Friday, 12 January 2018

Dance like no one is watching

9 July 2016

Influenced in the cultural sphere by the recent operatic excursion of a Joyfallee resident, the Joyfallee plovers made a quick (though somewhat tiring) flight to Melbourne to see a performance of Swan Lake. They were suitably impressed, although came away thinking that a performance of Plover Lake may have been even more compelling. Inspired by the spectacle they have taken up ballet with a passion and are to be seen at all hours practising their dance positions, the arabesque being a particular favourite. There is, however, a darker motivation behind their enthusiasm, which is their hope that they can use their new found skills in an entirely different genre for the delivery of insults – via interpretive dance (of course accompanied by loud plovery percussion).  


Tuesday, 2 January 2018

Addiction

10 June 2016




Despite outward appearances, Chocolate Bunny is refusing to own up to any suggestion of a sparkling white wine dependence. 

Monday, 1 January 2018

Take a good hard look at yourself

8 June 2016


Will-O’-the-Wisp is shocked and appalled by his own behaviour in the dressage arena yesterday that saw him display some spontaneous, self-motivated energy. He has made a pledge that this will never occur again. Today in the dressage arena he stuck rigorously to his commitment. 


Sunday, 31 December 2017

The kindness of strangers

3 June 2016
Thank you to the nice man in Woollies who stopped to tell me that he admired my long (paddock) boots (worn on my shopping trip because they are warm and practical) and that they looked hot!! (..I don’t think he was referring to their thermal insulation properties). He then proceeded to ask, unprompted, if I rode horses, and didn’t express surprise when I answered in the affirmative (ok I know the breeches accompanying the boots may have been a give-away – worn because I couldn’t be bothered changing). This unexpected exchange was a boost to my recently dented ageing ego. With this pleasant stranger’s ability to raise the self-esteem of the older person in society, I very much doubt he would be able to get a job with Service NSW – nor as a superannuation adviser.

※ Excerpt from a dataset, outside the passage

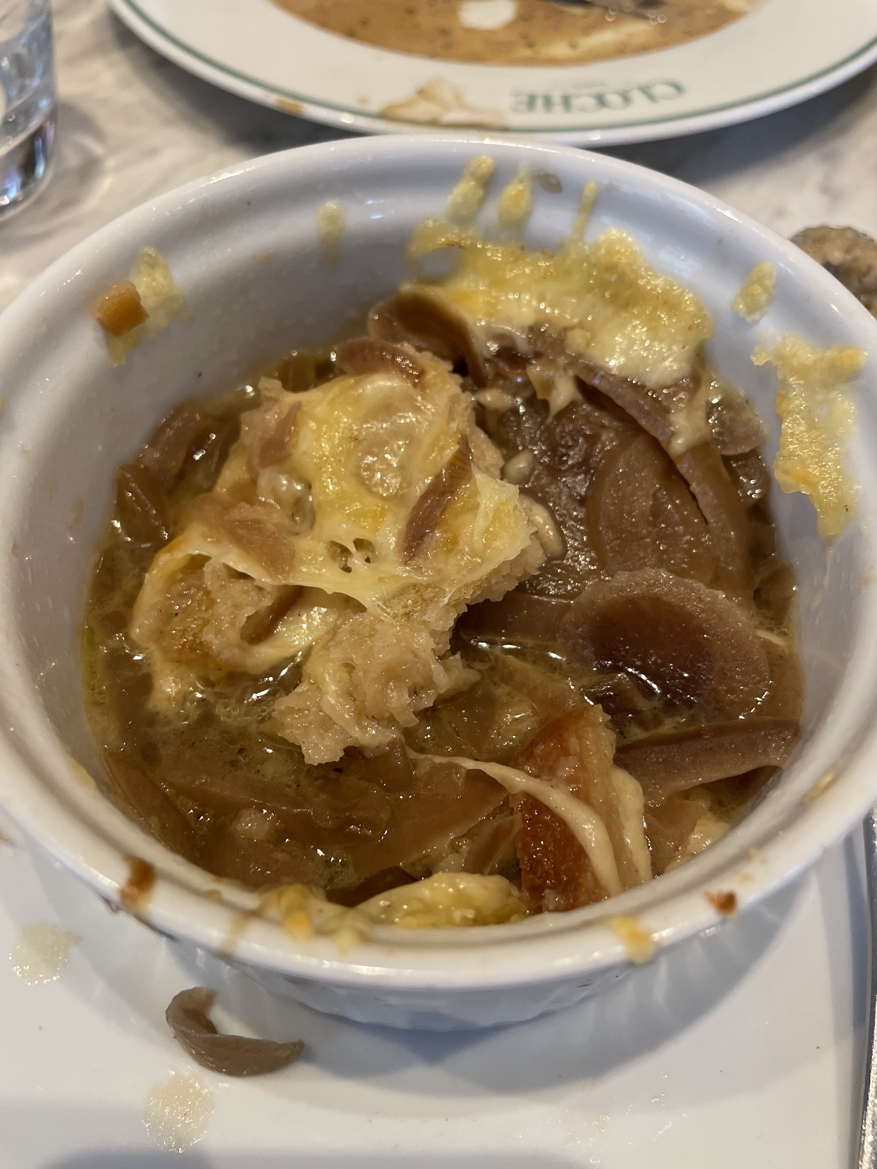 La soupe à l'oignon n'est pas bonne, elle a un goût insipide et à base de cumin. Excellente entrée aux champignons Très bonne viande poivrée, les pommes de terre ne sont pas croustillantes

Note to self: Spend more time at Woollies and less at certain service and advice facilities.


Post script: I am now to be seen swaggering around the paddocks in my boots like a poor imitation of Lara Croft Tomb Raider…the paddock occupants remain singularly unimpressed and just hope this bizarre behaviour won’t result in later meal times. 


Monday, 4 September 2017

I Just Don’t Like Mondays (*chicken sound track provided free of charge)

31 May 2016

That moment when you wake in the morning from a deep and restful slumber (possibly filled with dreams of carrots ) and it dawns on you with growing horror that what confronts you is MONDAY.


Saturday, 2 September 2017

Senior moment

27 May 2016
The dwindling self-esteem that accompanies my descent into incredibly old age continues apace. During a meeting with a (young) superannuation adviser (..a pointless exercise, as it turns out I will very likely have to work until I am approximately 97), I explained my (rather expensive) lifestyle included supporting my horses in the manner to which they have become accustomed. At the end of the meeting he politely asked who rode these horses of mine…and almost managed to hide his disbelief when I told it was me. He was clearly under the impression that someone of my advanced years would be incapable of even clambering aboard a horse, let alone embark on steering this long-suffering horse around a dressage arena. I was tempted to show him the video of me and Willo galloping flat out…but thankfully  realised in time that this may just have cemented his view of the unlikelihood of a person of my advanced years having any abilities at all in the equestrian sphere. 

Friday, 1 September 2017

Pink on pink

22 May 2016


The visiting galahs have set out to demonstrate that, similar to bling, you can never have too much pink. Thoroughly convinced by their display, the Joyfallee plovers can be heard enthusiastically engaged in flinging down a new insult from the realms of their rooftop eyrie – “Not pink enough!”.